Vertigo is the perception of motion in the absence of movement, which may be described as a sensation of swaying, tilting, spinning, or feeling unbalanced. Due to highly variable descriptions of vertigo, it is often consolidated into the umbrella descriptor 'dizziness', a very common but imprecise complaint that accounts for over three million emergency department (ED) visits annually. Dizziness can describe so many variable sensations that the use of this imprecise description becomes a dilemma that often misleads the treating provider. Vertigo can be of the vestibular or peripheral origin or be due to non-vestibular or central causes.

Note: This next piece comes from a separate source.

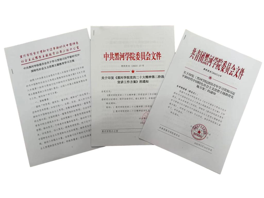 各部门协同联动,制定实施方案全覆盖。制定《中共黑河学院委员会关于学习贯彻习近平新时代中国特色社会主义思想主题教育学习计划》《黑河学院党的二十大精神第二阶段宣讲工作方案》,制定离退休党员关于主题教育的实施方案,坚持“送学上门”,听取他们对主题教育的感想,真正做到不漏学、不掉队;制定青年学生主题教育的实施方案,以联学、联讲、联行、联创、联演、联赛、联展“七项联动”为重要抓手,明确重点工作任务。

Benign paroxysmal positional vertigo (BPPV) is the most common cause of peripheral vertigo, accounting for over half of all cases. According to various estimates, a minimum of 20% of patients presenting to the provider with vertigo have BPPV. However, this figure could be an underestimation as BPPV is frequently misdiagnosed. It is crucial to distinguish BPPV from other causes of vertigo as the differential diagnosis includes a spectrum of disease processes ranging from benign to life-threatening. Because of the misleading and vague term 'dizziness' that patients commonly use, the provider must pin down what every patient means by it. It can be often achieved by asking the patient to describe what they are feeling without the use of the word 'dizziness.'

Barany first described BPPV in 1921. At that time, characteristic vertigo and nystagmus associated with postural changes were linked to the otolithic organs. In 1952, Dix and Hallpike, during their provocative testing, further described classic nystagmus and moved on to explain that the location of the pathology was the ear proper.